The coaches will also be able to be used in classic trains, then only in the pull function, like the other carriages of the operator. The selected contractor will be responsible for the provision of technical maintenance services for the locomotives for the period indicated in the offer, but not less than 60 months.
By 2030, PKP Intercity plans to run about twice as many trains, increase the number of passengers to almost 90 million annually and offer travellers a high standard of travel. In order to achieve this, the company has adopted the strategy to invest in new rolling stock and renew the existing trains and locomotives for which a PLN 27 billion (ERU 6 billion) budget has been allocated.
One of the key elements of the strategy is this rolling stock tender that will provide fast and rapid services as well as an increased capacity as the new vehicles will be able to carry up to 700 passengers at a time. PKP Intercity says that “it is particularly important that the project to purchase this type of rolling stock is implemented and that the vehicles are delivered in the coming years.”

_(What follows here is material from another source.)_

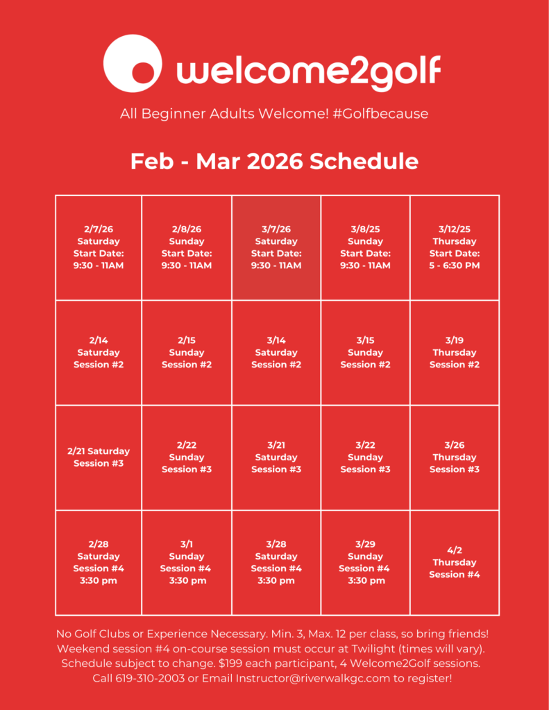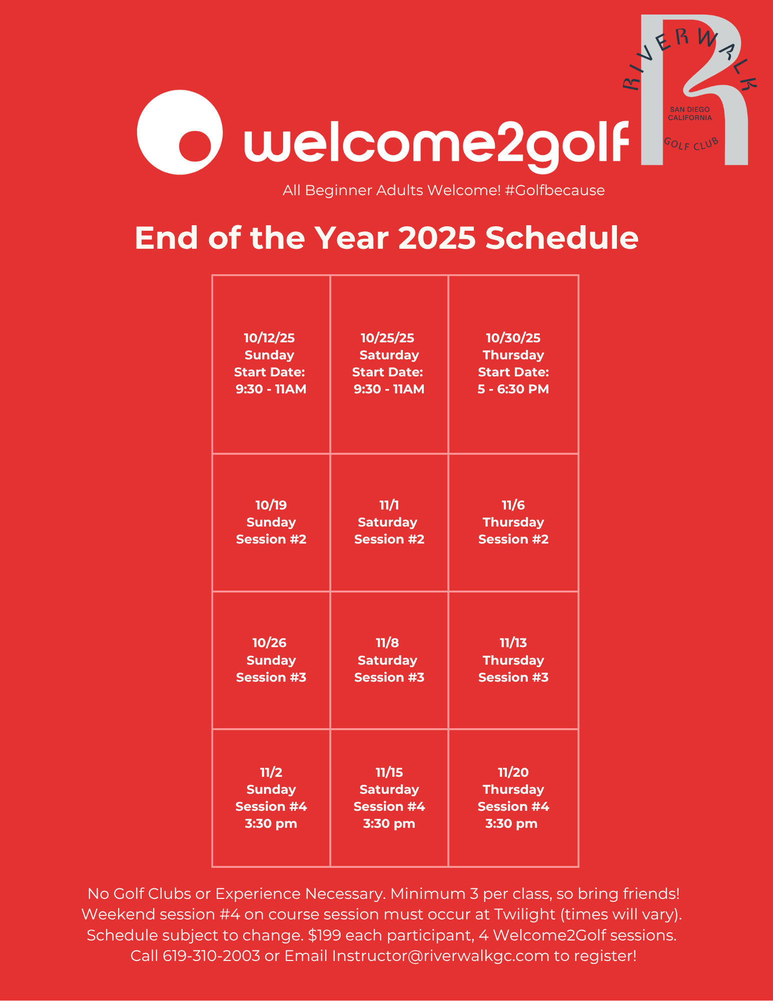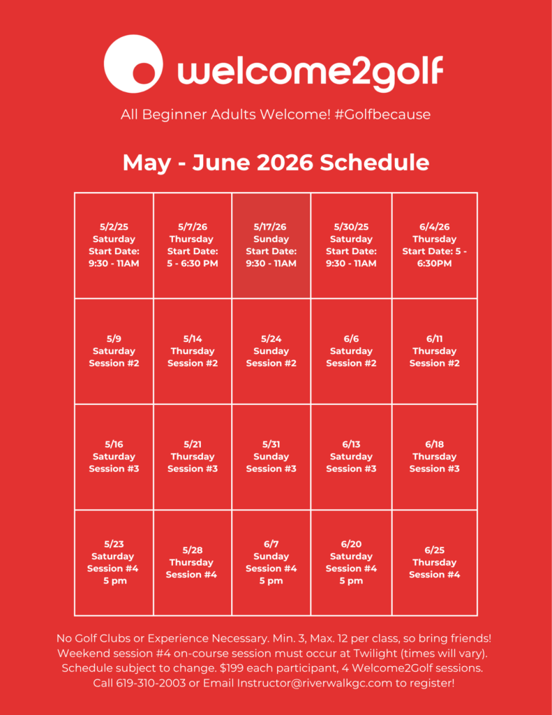 *Classes must be taken on four consecutive dates and times. On-course session (4th lesson) only offered during twilight hours at golf course discretion. No refunds for missed sessions. Missed classes can be made up in a corresponding Welcome2Golf class or in a FLEX class. Rescheduling must be done minimum 24 hrs in advance of session.*

Recently, the Polish rail operator has ordered from Newag 5 additional multi-system electric locomotives bringing the entire number of vehicles to 15 vehicles under the framework agreement signed in 2021. PLN 388 million (EUR 87.4 million) is the value of this entire order.
In addition, in March, PKP Intercity signed another contract with Newag for the purchase of 20 Griffin electric locomotives worth PLN 551.4 million (EUR 117.2 million). They will be delivered in February 2024 and will be able of running at 160 km/h on the rail routes connecting the major Polish cities.
According to the company’s rolling stock procurement schedule, this year the company expects to sign the framework agreement for the supply of 300 new coaches with an option for 150 additional vehicles. The tender was launched in November 2022 and includes the delivery of railcars in seven design configurations.
In 2022, PKP Intercity transported 59 million passengers, a record increase from 49 million (in 2019). When releasing the statistics, the operator said that this historic figure is due to the rolling stock investment programme which provides passengers with modern, comfortable and faster services.